*About this task*: Each record below gets repeated exactly, and pictures stay out of the copy.

*Data for this exercise*:
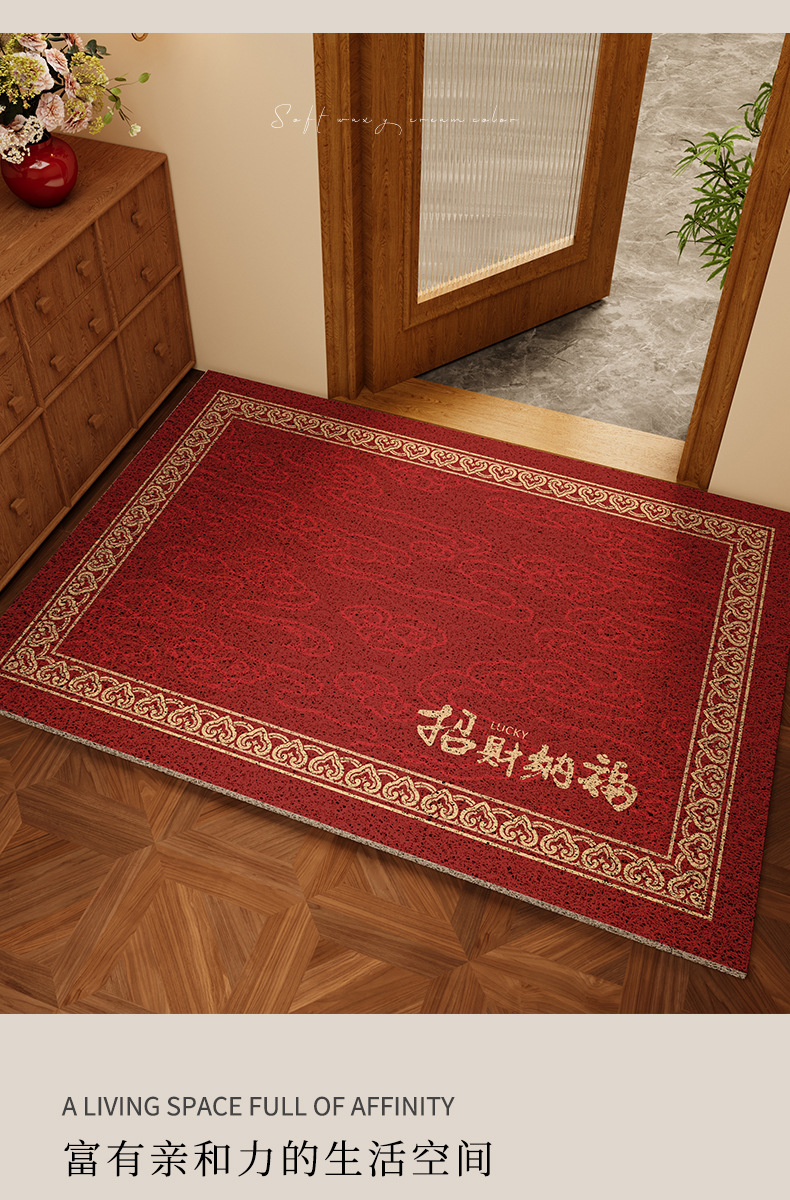 새로운 빨간 축제 신년 실크 링 입구 매트 홈 입구 매트 홈 입구 매트 비 슬립 먼지 방지 마모 방지 입구 매트스토어 가기
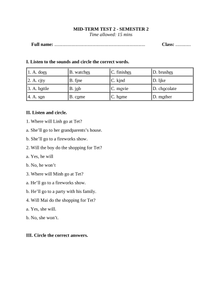 I. Listen to the sounds and circle the correct words. 1. A. does B. watches C. finishes D. brushes 2. A. city B. fine C. kind D. like 3. A. bottle B. job C. movie D. chocolate 4. A. son B. come C. home D. mother II. Listen and circle. 1. Where will Linh go at Tet?
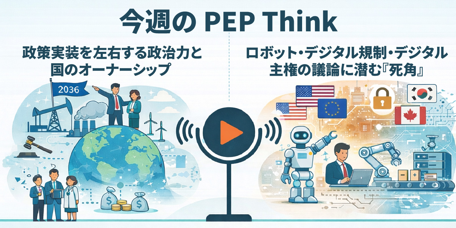 海外シンクタンクの議論を日本語で読み解き、日本のビジネスや政策への含意を考えるポッドキャストシリーズ 「PEP Think」。 今回は、「政策実装を左右する政治力と国のオーナーシップ」と「ロボット・デ...
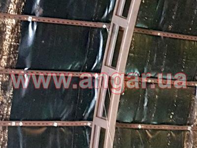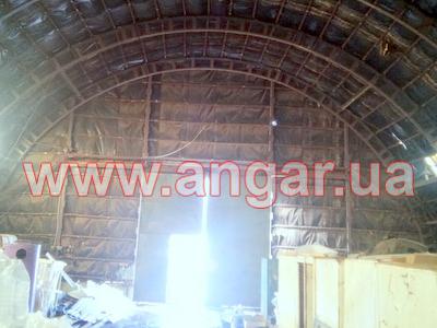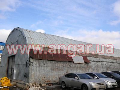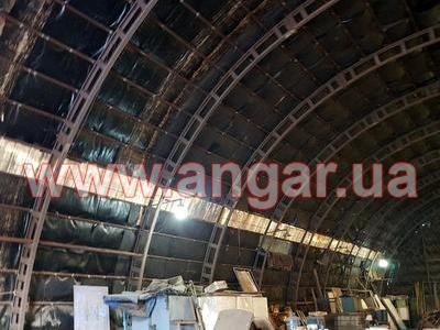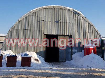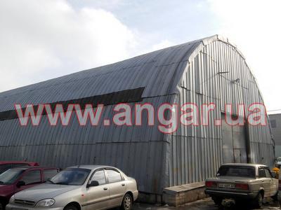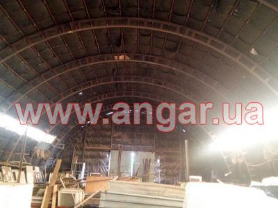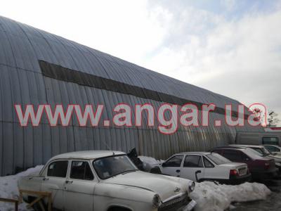| Ангар арочного типа. Установлен в полной комплектации. Всего 12 металлических арок. Арки установлены с шагом 3м. Каждая арка состоит из 5 сегментов. Всего 60 сегментов. Верхний и нижний пояс каждого сегмента состоит из катаного швеллера сечением 100мм, расшитого между собой пластинами из листового металла. Прогоны из швеллера (с просечкой) сечением 50мм. Всего 8 торцевых колонн из швеллера сваренного в коробку сечением 120мм. В комплекте двое торцевых раздвижных ворот размером 4х4м. Ангар обшит оцинкованным листом размером 0,9мх1,9м. Толщина металла 0,7мм. |
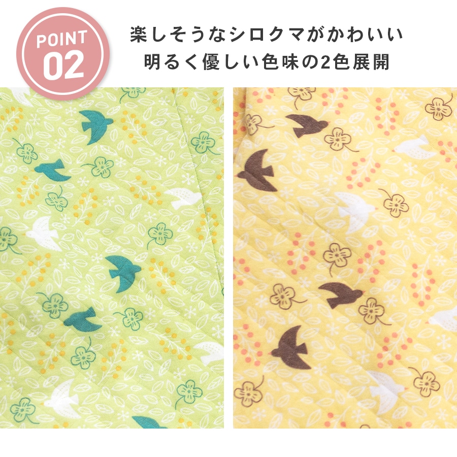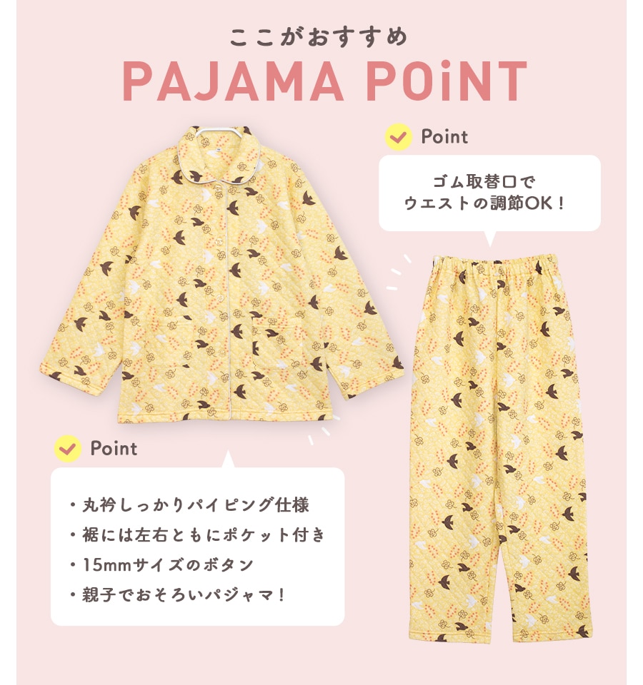 冬にぴったり!ふっくら柔らかいニットキルト 2枚の生地の間に《わた》を入れて縫い止めた3層の生地で、 ふっくら柔らかく厚手で保湿性・吸湿性に優れています。 お肌に触れる内側は綿100%なので、優しい肌触りです。 かわいいパジャマでいい夢を。ふわふわかわいい柄のキルトパジャマ 同柄のレディースパジャマがあるので、親子おそろいリンクコーデが楽しめます。 |

*Task answer*:
 새로운 빨간 축제 신년 실크 링 입구 매트 홈 입구 매트 홈 입구 매트 비 슬립 먼지 방지 마모 방지 입구 매트스토어 가기
 I. Listen to the sounds and circle the correct words. 1. A. does B. watches C. finishes D. brushes 2. A. city B. fine C. kind D. like 3. A. bottle B. job C. movie D. chocolate 4. A. son B. come C. home D. mother II. Listen and circle. 1. Where will Linh go at Tet?
 海外シンクタンクの議論を日本語で読み解き、日本のビジネスや政策への含意を考えるポッドキャストシリーズ 「PEP Think」。 今回は、「政策実装を左右する政治力と国のオーナーシップ」と「ロボット・デ...
| Ангар арочного типа. Установлен в полной комплектации. Всего 12 металлических арок. Арки установлены с шагом 3м. Каждая арка состоит из 5 сегментов. Всего 60 сегментов. Верхний и нижний пояс каждого сегмента состоит из катаного швеллера сечением 100мм, расшитого между собой пластинами из листового металла. Прогоны из швеллера (с просечкой) сечением 50мм. Всего 8 торцевых колонн из швеллера сваренного в коробку сечением 120мм. В комплекте двое торцевых раздвижных ворот размером 4х4м. Ангар обшит оцинкованным листом размером 0,9мх1,9м. Толщина металла 0,7мм. |
 冬にぴったり!ふっくら柔らかいニットキルト 2枚の生地の間に《わた》を入れて縫い止めた3層の生地で、 ふっくら柔らかく厚手で保湿性・吸湿性に優れています。 お肌に触れる内側は綿100%なので、優しい肌触りです。 かわいいパジャマでいい夢を。ふわふわかわいい柄のキルトパジャマ 同柄のレディースパジャマがあるので、親子おそろいリンクコーデが楽しめます。 |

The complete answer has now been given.